Foods to Eat to Boost your Mood

Did you know eating well can improve your mood? If you’ve got a case of the winter blues read our guide to the best foods to eat to stay positive. 

New researched by Love Fresh Cherries and Opinium shows that a third of Brits (34 per cent) find it difficult to stay positive in January and 36 per cent say that their mood is worse at the start of the year compared to any other time. Similarly, the most common word associated with January was ‘grey’ (41 percent) followed by ‘gloomy’ (39 per cent).

Considering mood boosting activities in January, the most commonly cited thing people have done is exercise (21 per cent), eaten healthily (19 per cent) and booked a holiday for later in the year (17 per cent). However, only 7 per cent of Brits say they have eaten mood boosting foods to help their January blues, and only 4 per cent have undertook mindfulness in order to help them through the January slump.

Nutritionist Anita Bean said: “We all have times when we feel down in the dumps, but lifestyle factors such as eating a healthy diet containing lots of fruit and vegetables, being active, getting outside in the fresh air as much as possible and spending time with loved ones can really help to lift our moods.”

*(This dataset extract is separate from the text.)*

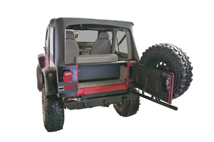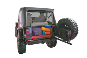 This tailgate security enclosure is a simple, one-piece hinged design that creates a lockable storage area completely protected on all sides. The patented design works in conjunction with the lockable vehicle tailgate and the existing vehicle geometry to secure the area created without the need for a rigid panel connection, any releasable lock mechanisms or other unnecessary hardware. The innovative design eliminates the burden of having to bolt a bunch of panels together. The enclosure maintains the use and function of the rear seat in 2-door models. Quickly and easily installs using standard hand tools with an OEM hardtop or soft top. The assembly easily removes with the use of tools to allow for storage of larger items. On Jeep Wrangler YJ vehicles, the rear tailgate lock must be locked manually with the Jeep key in order for the Tuffy enclosure to function as a secure storage device. Installation Instructions

Anita tells us which foods to eat to boost your mood:

Cherries – cherries help your brain to produce the mood-enhancing hormone serotonin. They are also a rich food source of the hormone melatonin which promotes healthy sleep patterns.

Nuts – studies show that eating a handful of nuts a day can increase levels of serotonin, a hormone that makes us feel happier and decreases feelings of hunger.

Dark chocolate – contains high levels of phenols, which cause the brain to release endorphins and boost mood, but its high in calories so keep portions small!

Bananas – high in tryptophan and vitamin B6, essential for making serotonin whilst also containing carbohydrates, which trigger the production of insulin and raise serotonin levels in the brain.

Oily fish (e.g. salmon, sardines and mackerel), walnuts and chia seeds – contain high levels of omega-3s, low levels of which are linked with depression. Omega-3s are important for the proper function of the brain and can also have a positive impact on mood.

Pumpkin seeds – one of the best sources of tryptophan, which is the building block for serotonin (our happy hormone).

Oats – with a low glycaemic index they are a great source of slow release energy; this will prevent blood sugar spikes and in turn stop you getting tired and moody.